For reference samples, total RNA was obtained (1) from whole pancreas harvested from d14.5 or d15.5 embryonic mice using standard Trizol-based methods, (2) from βTC6 insulinoma cells lines using RNeasy kits from Qiagen, or (3) from intact β-islets harvested from adult mice.

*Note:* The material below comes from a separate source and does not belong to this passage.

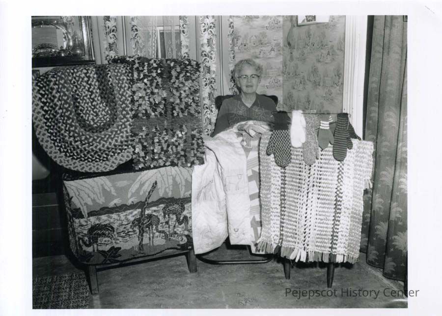 B/W photo of Mrs. Henry Morin, Sr. shown with a braided rug, hooked rug of tropical scene, a rug of cut wool strips, string rugs, and mittens all Christmas gifts for her children (Dec. 1956).Lexicon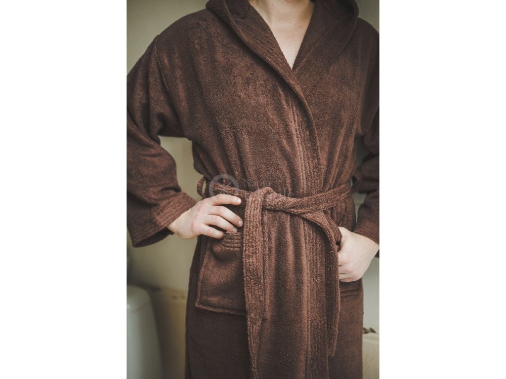 Halatul de saună pentru bărbați este confecționat din 100% bumbac moale, de culoare maro ciocolatiu. Acest halat de baie pentru saună este foarte moale, fin și pufos la atingere.

Microarray target preparation for CodeLink Arrays was performed per manufacturer's instructions (CodeLink Express Assay Reagent Kit; GE Healthcare). Briefly, one microgram of total RNA from each sample was reverse-transcribed into cDNA using T7-(dT)24 primers, and biotinylated cRNA prepared from this cDNA template by in vitro transcription. Ten micrograms of fragmented, biotinylated cRNA was hybridized to each CodeLink Mouse Whole Genome Array for 18 hours at 37° C. Afterwards, arrays were washed in 75 mM Tris-HCL, pH 7.6, 113 mM NaCl, 0.0375% Tween-20 for 1 hour at 46°, then stained with a 1:500 dilution of streptavidin-Alexa 647 (Molecular Probes) for 30 min at room temperature. Following the staining, arrays were washed three times, 5 min each, at room temperature with 0.1M Tris-HCL, pH 7.6, 0.15 M NaCl, 0.05% Tween-20, then once with 0.1×SSC/0.05% Tween for 30 sec, then dried in a centrifuge. Processed arrays were scanned using a GenePix 4000B Scanner and GenePixPro v4 software (Axon Instruments). Images were analyzed using CodeLink Expression Analysis Software, and the raw intensity data exported into GeneSpring GX (Agilent Life Sciences), within which raw intensity signals for each probe were median normalized. Because some CodeLink probes were improperly annotated as to their intended target, refinement of gene-to-probe associations was accomplished by analysis using VistaGen's Fred™ knowledgebase which maps the genomic coordinates of probes with that of the exons of genes and provides various bioinformatics analytical and functional genomics tools. All genomic coordinates on the mouse genome build 36 were determined using BLAST. Invalid probes, such as the ones that target multiple regions or intergenic regions on the genome, were removed from subsequent analyses. Data shown in the FIG. 9 and Table 3 reflect the average normalized intensity for a given Ins probe from biological replicates (n=2) of the indicated samples.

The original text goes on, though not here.